___ Exercise material

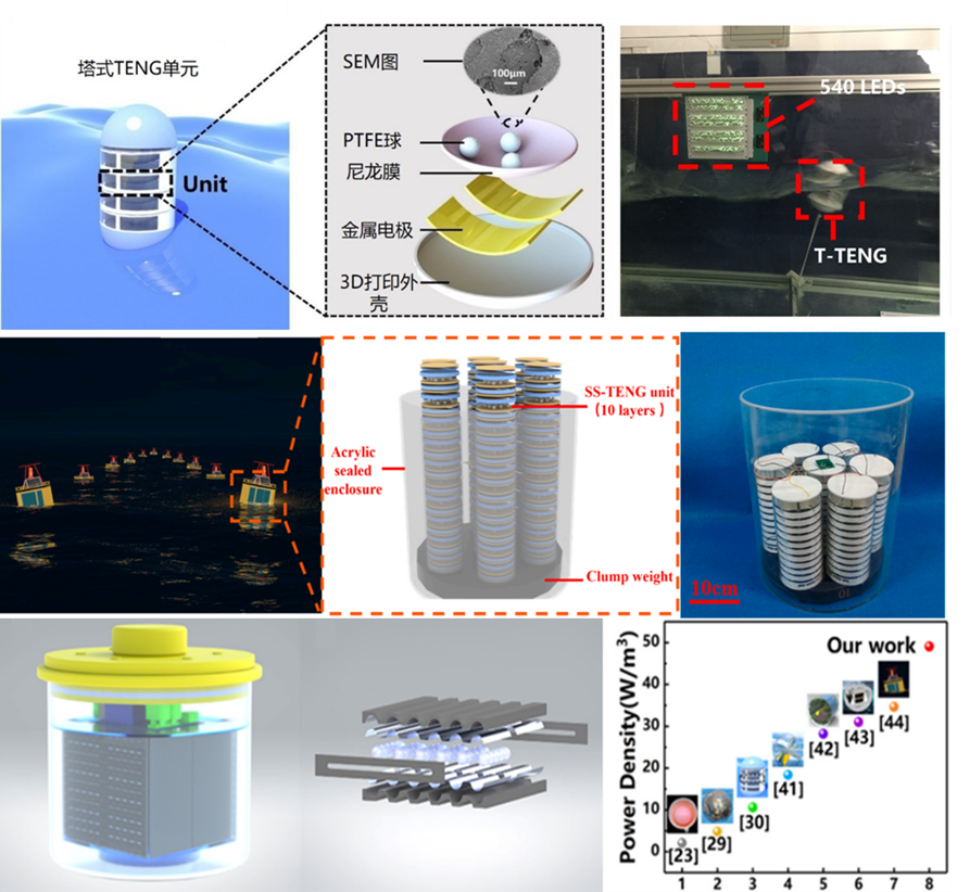 - 自供能浮标依托于王中林院士开创的摩擦纳米发电机技术(Triboelectric Nanogenerator, TENG),其通过摩擦起电和静电感应的耦合将机械能转换为电能。作为一种全新的机电转换方式,摩擦纳米发电机被“爱因斯坦世界科学奖”评审委员会认为是有望改变世界的前沿技术,可将低频、微弱机械能高效转化为电能,在环境能量收集、物联网、自驱动系统等领域有着广阔应用前景。
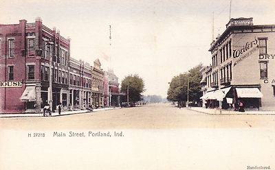Title (ebay affiliate link): MAIN STREET. PORTLAND, IND.REAL PHOTO HANDCOLORED VINTAGE POSTCARD UNUSED
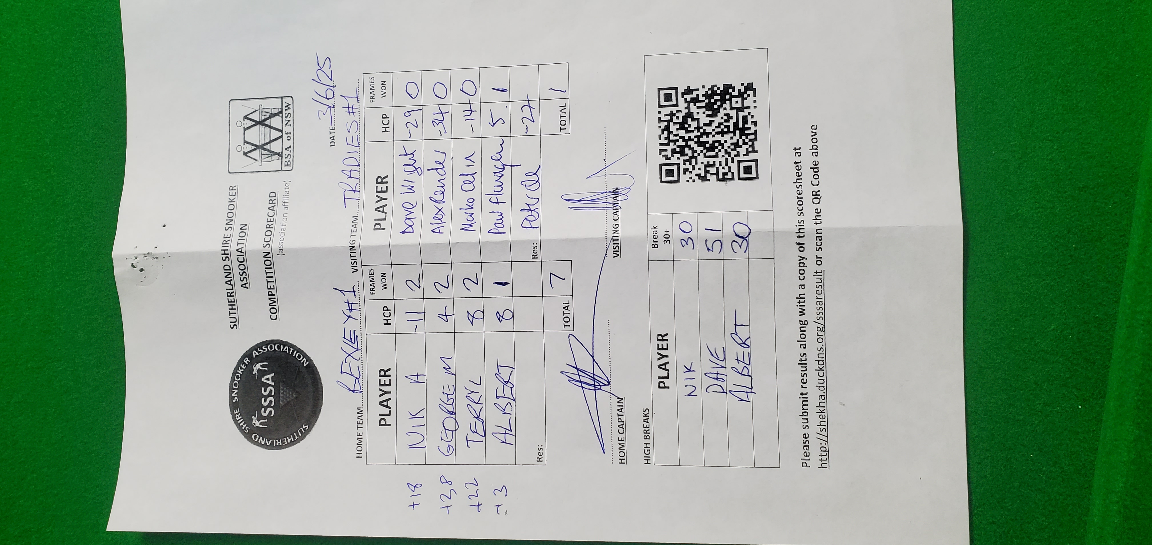 | POS | Bexley RSL #1 | Frame Won | Break | Tradies #1 | Frame Won | Break | Result Note | Updated on | Update by |
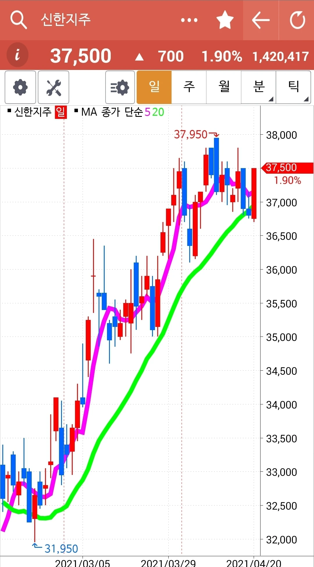 모 그렇게 빵!이라고 외칠 것까지는 없겠으나 그래도 아주 예쁘게 착착 올라가고 있는 신한지주에 나는 빵!이라는 제목을 달아주고 싶다. 바쁘니까 차트도 잘 못 보고 하루가 후딱 지나가지만 아직은 모두 5일선이 20일선 위에 있으므로 나의 행동을 요구하는 건 없다. 그러므로 차트만 휙 보고도 유지할 수 있다. 그래. 내가 할 줄 아는 건 딱 하나! 난 아무것도 몰라요~ 5일선이 20일선 아래로 뚫고 내려가면 매도할 뿐야요~ 파이팅! 푸하하하
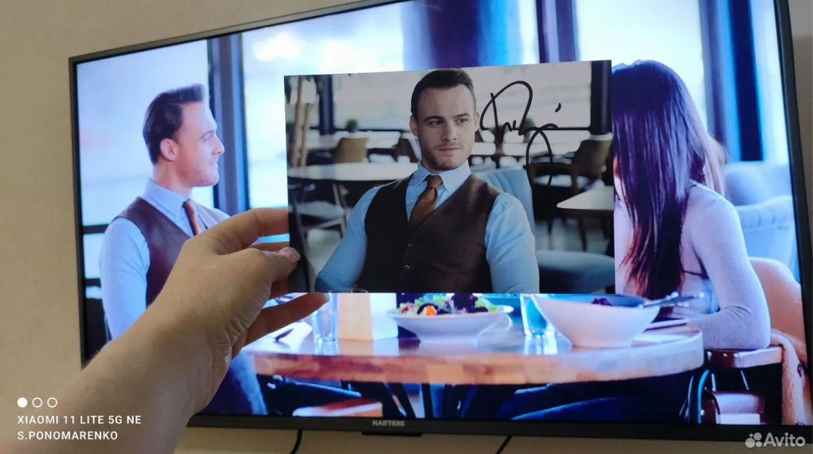 Фотографию с автографом сняли на фоне сцен из сериала «Постучись в мою дверь».
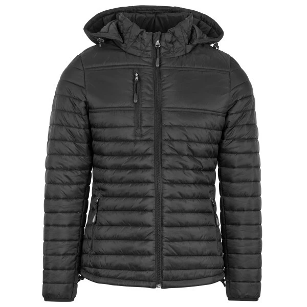 Die HRM Steppjacke für Damen besteht zu 100 % aus Polyamid, das durch seine Leichtigkeit und Atmungsaktivität für ein besonders angenehmes Tragegefühl sorgt. Die Jacke ist mit zwei Seitentaschen mit Reißverschluss ausgestattet, die großzügigen Stauraum bieten. Darüber hinaus verfügt es über zwei Innentaschen für persönliche Gegenstände. Eine zusätzliche Finishing-Tasche auf der linken Innenseite bietet viel Platz für jede Art von Stickerei. Das besondere Highlight der Steppjacke ist die abnehmbare Kapuze sowie ihr modischer Schnitt, der sie sowohl für den Alltag als auch für Outdoor-Aktivitäten perfekt macht. Die hochwertige Verarbeitung garantiert nicht nur eine lange Haltbarkeit, sondern auch eine ansprechende Optik. Unsere Steppjacke HRM überzeugt nicht nur durch ihre Funktionalität, sondern auch durch ihr modisches Aussehen und hohen Tragekomfort. Ein unverzichtbarer Begleiter für jeden Anlass mit dem gewissen Etwas.
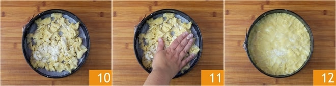 Forre com papel manteiga uma forma de fundo removível de 22 cm de diâmetro, distribua dentro metade da massa 10 e compacte com as mãos 11 até cobrir completamente a base da forma 12.
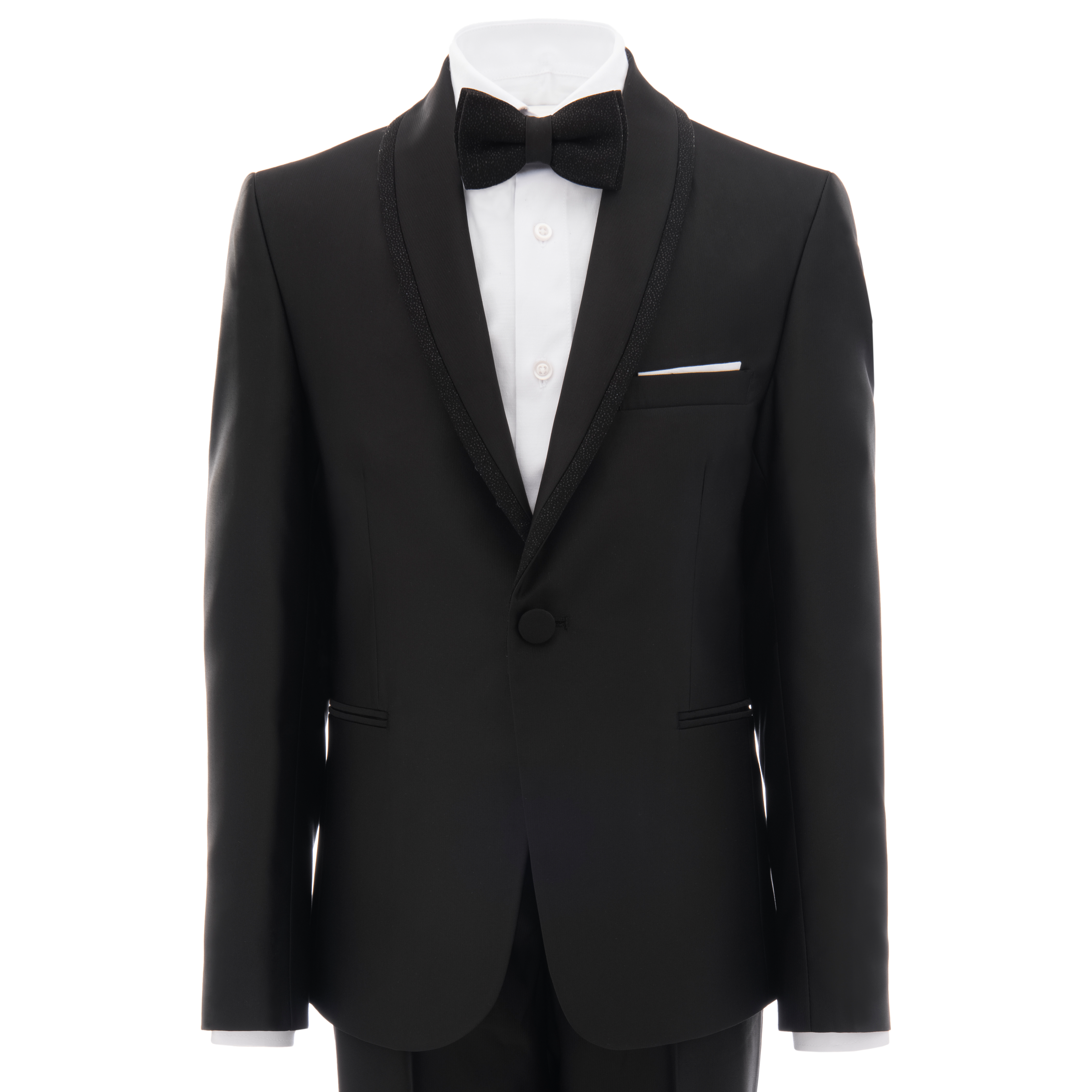 Make your child's special occasions unforgettable with the black glitter trim 4pc peak lapel suit for kid boys from Moustache. This exquisite set includes a white classic dress shirt, a black shawl lapel blazer with eye-catching black glitter trim. Truly this is a completed with a classic black bow tie, adding a touch of elegance.
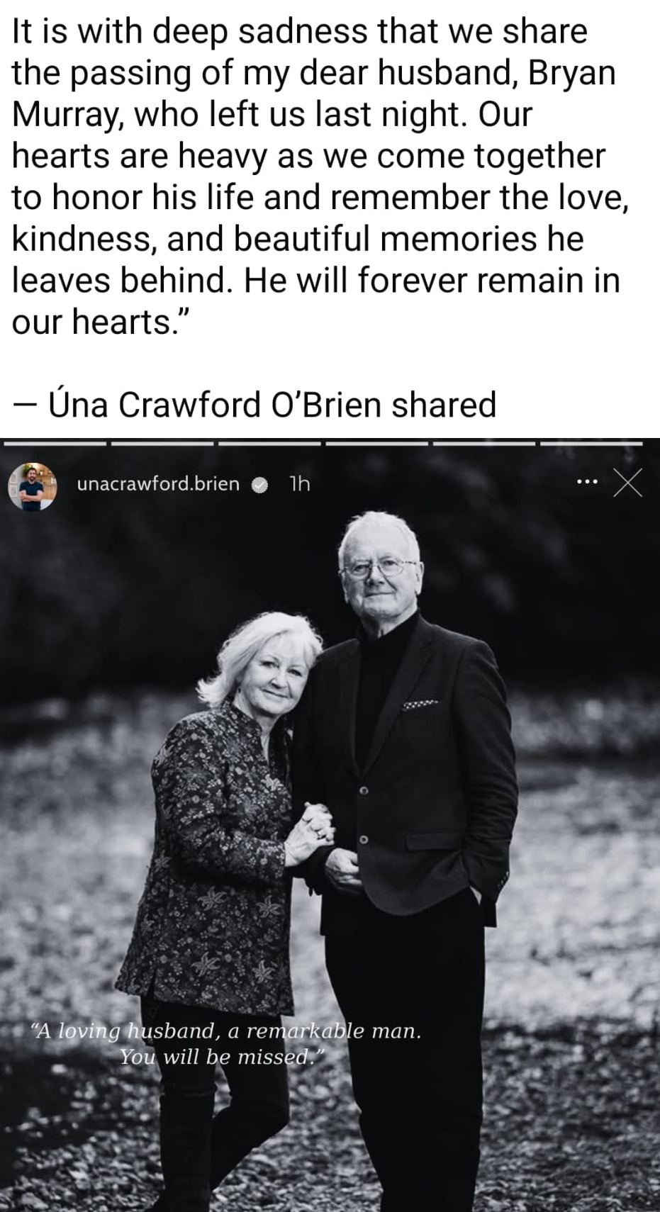 "It is with deep sadness that we share the passing of my dear husband, Bryan Murray, who left us last night. Our hearts are heavy as we come together to honor his life and remember the love, kindness, and beautiful memories he leaves behind. He will forever remain in our hearts" - Úna Crawford O'Brien shared.
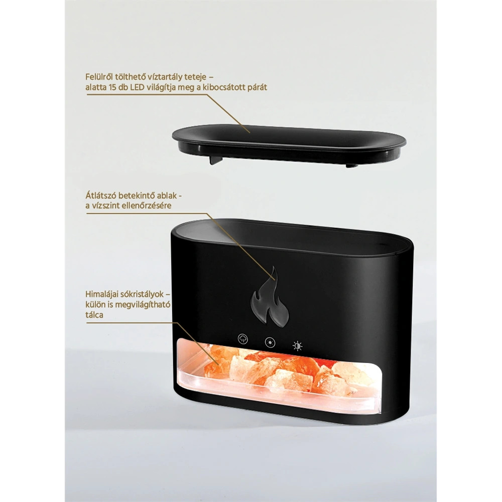 Egyedi láng hatású, innovatív kialakítású diffúzor, különlegesen megvilágított sókristályokkal - a lakás dísze lehet!
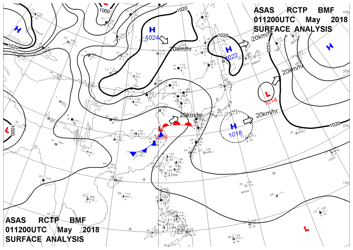 2018/05/01 12z sfcmap 天氣圖
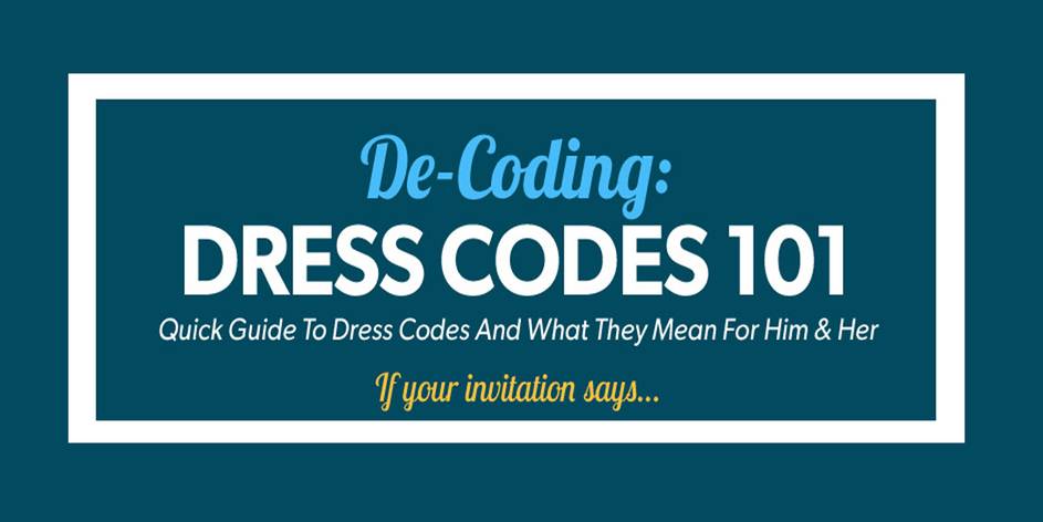 Have you ever been called to a meeting for work and told to dress in a certain dress code? Has anyone ever invited you to dinner and told you to wear business casual clothes? Understanding all of the different dress codes can be confusing. There's more to it than just just dressing up or dressing down. In fact, there's a shocking level of fine details between the different types of dress codes, as outlined on the infographic below!

______

What is expected
An exact copy of the records is required. Pictures do not belong in it.

Result of the exercise
 - 自供能浮标依托于王中林院士开创的摩擦纳米发电机技术(Triboelectric Nanogenerator, TENG),其通过摩擦起电和静电感应的耦合将机械能转换为电能。作为一种全新的机电转换方式,摩擦纳米发电机被“爱因斯坦世界科学奖”评审委员会认为是有望改变世界的前沿技术,可将低频、微弱机械能高效转化为电能,在环境能量收集、物联网、自驱动系统等领域有着广阔应用前景。
Title (ebay affiliate link): MAIN STREET. PORTLAND, IND.REAL PHOTO HANDCOLORED VINTAGE POSTCARD UNUSED
 | POS | Bexley RSL #1 | Frame Won | Break | Tradies #1 | Frame Won | Break | Result Note | Updated on | Update by |
 모 그렇게 빵!이라고 외칠 것까지는 없겠으나 그래도 아주 예쁘게 착착 올라가고 있는 신한지주에 나는 빵!이라는 제목을 달아주고 싶다. 바쁘니까 차트도 잘 못 보고 하루가 후딱 지나가지만 아직은 모두 5일선이 20일선 위에 있으므로 나의 행동을 요구하는 건 없다. 그러므로 차트만 휙 보고도 유지할 수 있다. 그래. 내가 할 줄 아는 건 딱 하나! 난 아무것도 몰라요~ 5일선이 20일선 아래로 뚫고 내려가면 매도할 뿐야요~ 파이팅! 푸하하하
 Фотографию с автографом сняли на фоне сцен из сериала «Постучись в мою дверь».
 Die HRM Steppjacke für Damen besteht zu 100 % aus Polyamid, das durch seine Leichtigkeit und Atmungsaktivität für ein besonders angenehmes Tragegefühl sorgt. Die Jacke ist mit zwei Seitentaschen mit Reißverschluss ausgestattet, die großzügigen Stauraum bieten. Darüber hinaus verfügt es über zwei Innentaschen für persönliche Gegenstände. Eine zusätzliche Finishing-Tasche auf der linken Innenseite bietet viel Platz für jede Art von Stickerei. Das besondere Highlight der Steppjacke ist die abnehmbare Kapuze sowie ihr modischer Schnitt, der sie sowohl für den Alltag als auch für Outdoor-Aktivitäten perfekt macht. Die hochwertige Verarbeitung garantiert nicht nur eine lange Haltbarkeit, sondern auch eine ansprechende Optik. Unsere Steppjacke HRM überzeugt nicht nur durch ihre Funktionalität, sondern auch durch ihr modisches Aussehen und hohen Tragekomfort. Ein unverzichtbarer Begleiter für jeden Anlass mit dem gewissen Etwas.
 Forre com papel manteiga uma forma de fundo removível de 22 cm de diâmetro, distribua dentro metade da massa 10 e compacte com as mãos 11 até cobrir completamente a base da forma 12.
 Make your child's special occasions unforgettable with the black glitter trim 4pc peak lapel suit for kid boys from Moustache. This exquisite set includes a white classic dress shirt, a black shawl lapel blazer with eye-catching black glitter trim. Truly this is a completed with a classic black bow tie, adding a touch of elegance.
 "It is with deep sadness that we share the passing of my dear husband, Bryan Murray, who left us last night. Our hearts are heavy as we come together to honor his life and remember the love, kindness, and beautiful memories he leaves behind. He will forever remain in our hearts" - Úna Crawford O'Brien shared.
 Egyedi láng hatású, innovatív kialakítású diffúzor, különlegesen megvilágított sókristályokkal - a lakás dísze lehet!
 2018/05/01 12z sfcmap 天氣圖
 Have you ever been called to a meeting for work and told to dress in a certain dress code? Has anyone ever invited you to dinner and told you to wear business casual clothes? Understanding all of the different dress codes can be confusing. There's more to it than just just dressing up or dressing down. In fact, there's a shocking level of fine details between the different types of dress codes, as outlined on the infographic below!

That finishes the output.